DP: What surprised you about the research?

SL: These things are complicated. People always say, “Well, do you like Meghan? Do you like Diana? What did you think of Wallace?” It’s complicated, and you can hold different realities in your head at the same time. Diana is a great example. Most people were partisan—pro or anti-Diana—when she was alive, and then became much more pro-Diana [after her death].

Traditional royalists felt she was a horrible, whiny, self-centered child who was disrupting the monarchy. And I think many people felt that after she died as well, but it became harder to hold that opinion. With the passage of time she morphed into this kind of Marilyn Monroe style icon.

There was the same feeling even with Meghan. Many people just can’t stand Meghan. It’s actually really complicated. She has been incredibly disruptive—disrespectful in some ways to this institution. She’s made demands that were inappropriate when you look at the way the monarchy conducts itself.

But at the same time, she is a victim of pretty bad racism—not necessarily from the family, but from the newspapers. She was the victim of anti-American sentiment. Many of the ways she wanted to live were not that out of control and she was reduced to being criticized for really normal stuff, like how she looks, wearing a dress, walking behind Kate into a church, etc. . .  That’s why I ended up feeling these were complicated people and you could be pro and against them at the same time.

There's this bizarre fascination that we have with inherited aristocracy and nobility, even though we fought a revolution against it here.

DP: Why are Americans so fascinated by the royal family?

SL: We see them as celebrities, and Americans love celebrities. There’s this bizarre fascination that we have with inherited aristocracy and nobility, even though we fought a revolution against it here. That’s part of the tension in how Americans see this stuff.

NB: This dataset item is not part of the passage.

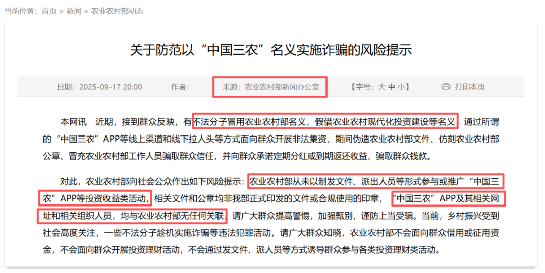 · “中国三农”APP:冒用农业农村部名义,伪造文件、仿刻公章,以农业农村现代化投资建设为名行骗。(2025年9月,农村农业部官网发布《关于防范以“中国三农”名义实施诈骗的风险提示》)

For some reason, we’re still obsessed with these people who we are supposed to not want to be like. Just by virtue of being born into a family, you can have a title and you can have a palace and you can be unbelievably wealthy. There’s something exciting about it. It goes back to fairy tales and the idea of the prince and the princess and the king.

Until recently, when Meghan came along and the issue of race came into it, it was a pretty low stakes conversation. It’s fun. It’s gossipy. It’s almost like a reality TV show. There are so few things in the world right now where everyone sort of knows the cast of characters.

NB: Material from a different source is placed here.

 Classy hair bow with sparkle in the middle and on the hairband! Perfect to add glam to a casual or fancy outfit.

King Charles is not going to sit down with you and tell you how he really feels about anything. 

DP: Was there anything that was really difficult about writing this book? Did you try to get any more access?

SL: Even if you do get access, it’s not that helpful because King Charles is not going to sit down with you and tell you how he really feels about anything.

I’m not a member of the Royal Press Corps who have strict rules and go on press tours. Those encounters are so old fashioned and so stringent. I feel like as a reporter, it would be completely irritating to me. The idea that you have to be so deferential to people that you’re covering, as if they’re doing you a massive favor is really hard as a reporter.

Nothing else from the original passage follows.